La crise des fausses informations et autres tentatives de désinformation prend des proportions endémiques, au Québec: selon la plus récente enquête NETendances, ce n’est pas moins d’un internaute sur trois qui serait exposé à des mensonges, en ligne. Et ce sur une base quotidienne.
Selon cette étude, soit l’édition 2025 du document intitulé Information, désinformation et cybersécurité, c’est sur les réseaux sociaux que l’on trouverait le plus de ces fake news. Ainsi, 82% des personnes interrogées sont persuadées qu’il s’agit là de la source d’information la plus susceptible de propager des fausses nouvelles.
Cette proportion n’est peut-être toutefois pas entièrement étonnante, puisque ces mêmes réseaux sociaux sont utilisés par près de la moitié (48%) des participants à l’enquête pour s’informer. Il s’agit de huit points de pourcentage de plus que les sites web d’information et la radio (40% chacun), mais c’est encore la télévision qui est la plateforme vers laquelle se tournent principalement les Québécois pour se tenir au fait de l’actualité (59%).
Sur les réseaux sociaux, cependant, les algorithmes pourraient jouer un rôle majeur dans la transmission d’informations correspondant aux points de vue des internautes (c’est l’avis de 38% des répondants), alors que les Québécois estiment aussi être soumis à des bulles de filtrage informationnel (65% des participants sont de cet avis).
« Or, écrivent les auteurs de l’enquête NETendances, lorsque l’information circule principalement entre personnes partageant les mêmes opinions, la désinformation ne rencontre plus les garde-fous naturels du débat contradictoire et de la diversité des perspectives. »
Autre conclusion importante de cette étude des habitudes en matière d’information, les 18 à 34 ans, déjà le seul groupe d’âge qui s’informe plus souvent sur une base hebdomadaire que quotidienne, se tourne bien souvent vers des « créateurs et créatrices de contenu spécialisé(e)s dans l’actualité », aussi appelés newsfluencer.
Si 42% des Québécois de ce groupe d’âge disent ainsi se tourner vers ce type de contenu, sur les différentes plateformes, la popularité de ces créateurs (Hugo décrypte, Alexplique, etc.) n’est pas garante de la qualité journalistique de leur travail, ni de leur respect des règles journalistiques élémentaires en matière de vérification des faits, d’objectivité et de transparence.

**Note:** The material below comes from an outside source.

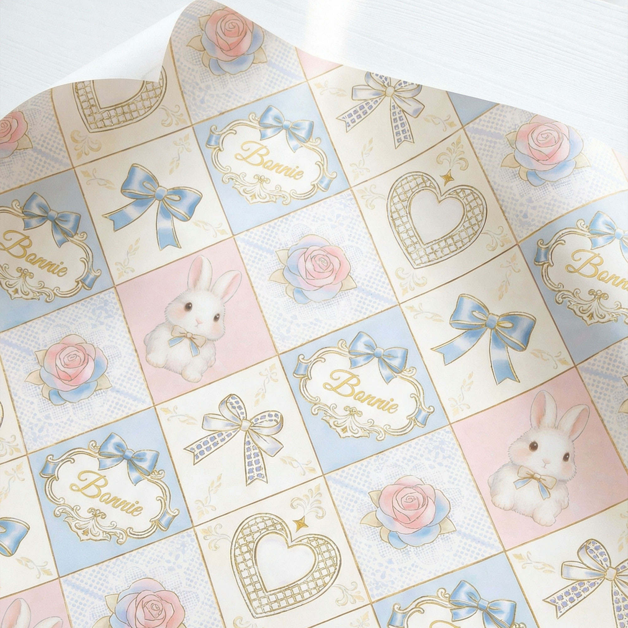 Elegant Shabby Chic Design – This charming wrapping paper features a delicate checkerboard pattern with soft pastel squares in blush pink, powder blue, and cream. Each tile is adorned with vintage-inspired elements like lace hearts, roses, bows, and sweet bunnies, creating a timeless, romantic look perfect for spring celebrations.

Des domaines plus propices aux fake news que d’autres
Devant la menace des fausses nouvelles, et donc des individus, des entreprises et des groupes mal intentionnés, tous les sujets ne sont pas égaux. De l’avis des internautes interrogés dans le cadre de l’enquête, c’est du côté de la politique, des conflits internationaux et des affaires étrangères, mais aussi des sujets portant sur la santé et la médecine que le risque d’être confronté à de la désinformation est le plus élevé.
Toute cette incertitude est mauvaise pour la confiance envers les médias traditionnels: ceux-ci n’obtiendraient plus que la confiance forte d’à peine 44% des internautes, en recul de trois points de pourcentage par rapport à l’année précédente.
C’est toutefois bien loin devant les médias sociaux, qui ne recueillent que 7% d’avis « très favorables ». C’est en fait près de la moitié des répondants (43%) qui ne font que très peu confiance à la véracité des informations que l’on trouve sur les divers réseaux sociaux.
Autrement, sans surprise, les personnes qui ne s’informent pas ne font confiance ni aux médias traditionnels, ni aux médias sociaux, nous indique-t-on.
« Quand l’information circule via de nouveaux intermédiaires et de nouveaux mécanismes, la question de la rigueur, des sources, des angles, de la transparence et des modèles d’affaires devient centrale. Le métier d’influenceur d’actualité se transforme en direct, à coups d’essais, d’erreurs, d’apprentissages et de corrections, et j’ai du mal à dissocier cette évolution de l’importance de renforcer la littératie médiatique et numérique des Québécois », mentionne ainsi Denis Martel, stratège en marketing numérique, à propos de cette mutation des habitudes de consommation d’informations et du déplacement des publics vers les diverses plateformes numériques.